--- Work item ---
Repeat the data exactly, leaving out any image.

--- Stored data ---
################
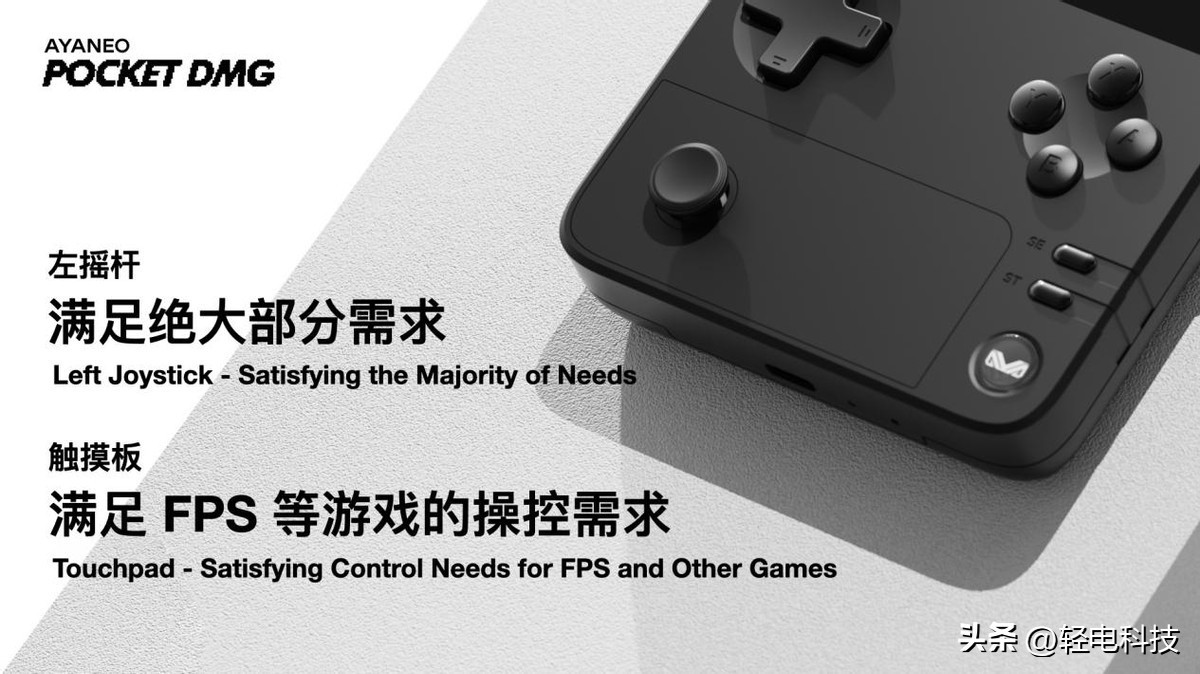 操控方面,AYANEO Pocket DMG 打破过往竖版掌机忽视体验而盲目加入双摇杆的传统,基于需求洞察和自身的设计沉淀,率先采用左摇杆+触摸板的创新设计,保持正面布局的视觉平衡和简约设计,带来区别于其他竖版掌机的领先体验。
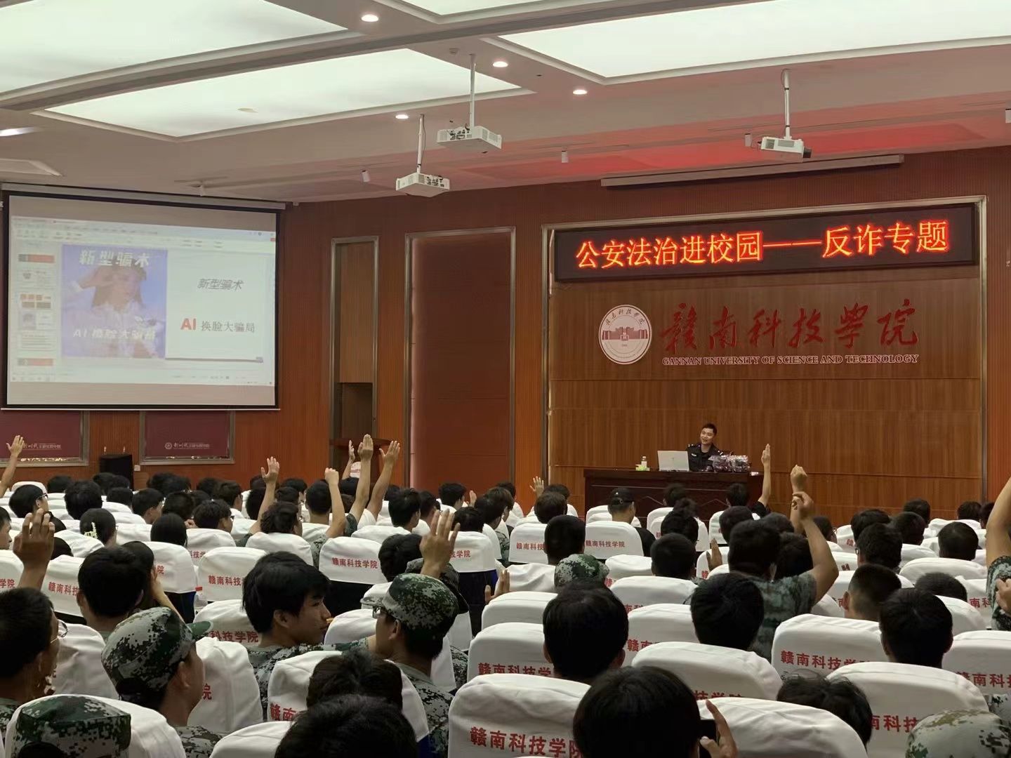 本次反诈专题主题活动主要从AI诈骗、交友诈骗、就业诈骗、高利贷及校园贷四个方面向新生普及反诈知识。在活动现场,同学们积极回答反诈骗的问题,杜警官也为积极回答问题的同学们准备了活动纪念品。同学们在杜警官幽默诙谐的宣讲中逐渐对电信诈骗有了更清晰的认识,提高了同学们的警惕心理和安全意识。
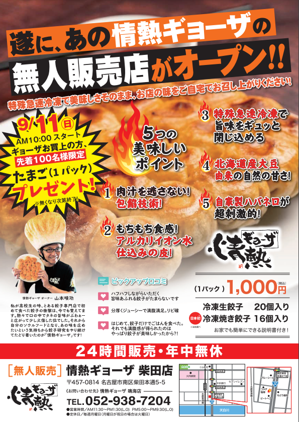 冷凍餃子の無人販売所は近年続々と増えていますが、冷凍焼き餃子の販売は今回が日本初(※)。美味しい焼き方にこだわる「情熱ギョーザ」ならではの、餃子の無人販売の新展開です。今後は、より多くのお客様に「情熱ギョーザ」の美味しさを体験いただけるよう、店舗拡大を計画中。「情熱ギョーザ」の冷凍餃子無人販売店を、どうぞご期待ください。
################
--- Response to this task ---
 操控方面,AYANEO Pocket DMG 打破过往竖版掌机忽视体验而盲目加入双摇杆的传统,基于需求洞察和自身的设计沉淀,率先采用左摇杆+触摸板的创新设计,保持正面布局的视觉平衡和简约设计,带来区别于其他竖版掌机的领先体验。
 本次反诈专题主题活动主要从AI诈骗、交友诈骗、就业诈骗、高利贷及校园贷四个方面向新生普及反诈知识。在活动现场,同学们积极回答反诈骗的问题,杜警官也为积极回答问题的同学们准备了活动纪念品。同学们在杜警官幽默诙谐的宣讲中逐渐对电信诈骗有了更清晰的认识,提高了同学们的警惕心理和安全意识。
 冷凍餃子の無人販売所は近年続々と増えていますが、冷凍焼き餃子の販売は今回が日本初(※)。美味しい焼き方にこだわる「情熱ギョーザ」ならではの、餃子の無人販売の新展開です。今後は、より多くのお客様に「情熱ギョーザ」の美味しさを体験いただけるよう、店舗拡大を計画中。「情熱ギョーザ」の冷凍餃子無人販売店を、どうぞご期待ください。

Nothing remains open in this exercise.